Spirituality can give a ‘direct perception’ of the workings of the world. However, this perception can be as wrong (in parts) as the axioms deployed by Reason. Acting on this perception may also not have the results which are intended.

As I have argued previously, modern ideas of ‘Reason’ made their way into the West as part of a spiritual vision that God had made the world in a way which was uncoverable by human thought processes and deduction. God did not cheat and God was not irrational. Reason is based on this intuition/tradition that reality is reasonable and explicable.

There are two big differences between modern patterns of science and traditional patterns of reason.

Firstly scientists try to interact with nature to find out if the conclusions from their theories are the same as expected. The reasonableness of the proposition is not recognised as enough to guarantee its truth. Science demands an open interaction with reality, not with hunches or intuitions – although hunches, intuitions and spiritual experiences, may lead to suspicions the theories do not work, or to new theories (which then need to be tested).

Secondly, scientists frequently attack the axioms of science, or conduct thought experiments to see what would happen if the axioms were different.

Frequently these processes lead to power struggles (scientists are humans, and they work for the State or private enterprise, both of which may have their own non-reasonable drives). However, the ultimate ideal arbiter is the interaction with Nature – the experiment.

One of the axioms of science is that, ideally, the people participating in the experiment should not make a difference to the experimental results. The experiment must be replicable to be true.

Scientists tend to ignore things which are not replicable, not testable or which seem to be personal. This may limit their effectiveness, or their ability to relate to other humans.
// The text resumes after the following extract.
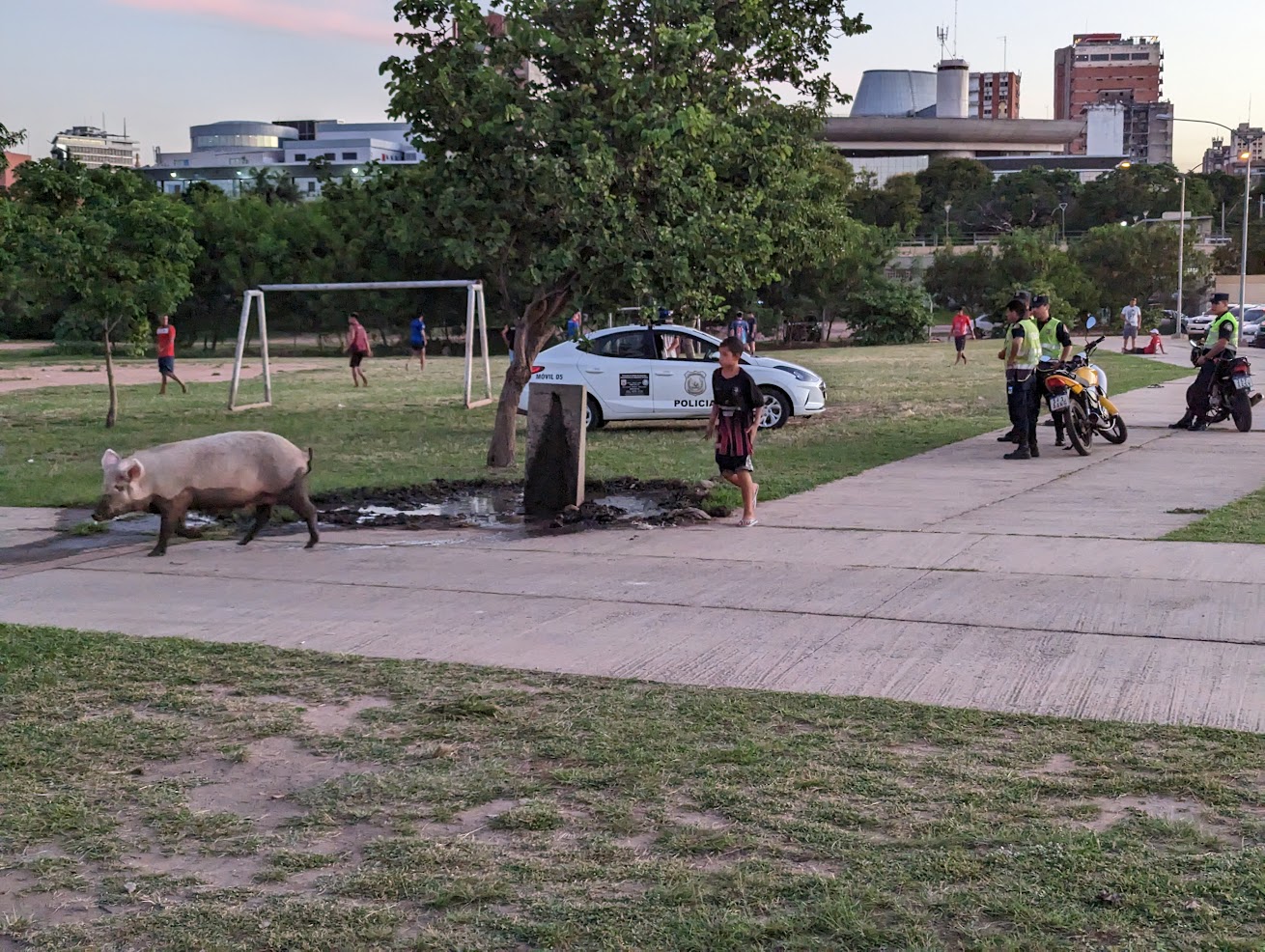 Yes, this is a picture of four cops flummoxed at how to deal with a pig in the mud. They took pictures, made calls, conferred with each other…Eventually one of the kids playing soccer there came over and shooed it away.

Spirituality, especially in an organised form, rarely does any of this. Rather it tends to ignore any inaccuracies and teach them to students, holding that any deviation from the teaching is a problem. It is also expected that different people might get different results depending on their virtue, dedication or whatever. So failure to replicate the experiment is easily explained away as a moral or spiritual failing. Spiritual people tend to include more of what seems to be human, and can thereby seem more persuasive, as we all know that non-replicable, personal events are important to our lives. However, because of this, there is often nothing to decide between different visions other than violence – unless reason or science is admitted into the debate.

So the point is:
Both science and spirituality depend upon an ‘irrational’ intuition, or perception, of the nature of reality.

Scientists tend to deduce things from this intuition/vision and test them in interactions with nature. Testing is built into the discipline. Nature is the final arbiter. They tend to suppress personal factors which are important to people’s lives.

Spiritual people tend not to test their intuitions or perceptions. They accept them as truths, until they are superseded by new visions. They do generally accept and elaborate on personal issues, making those issues relevant and conceivable in life.

Both factors are needed for the whole human.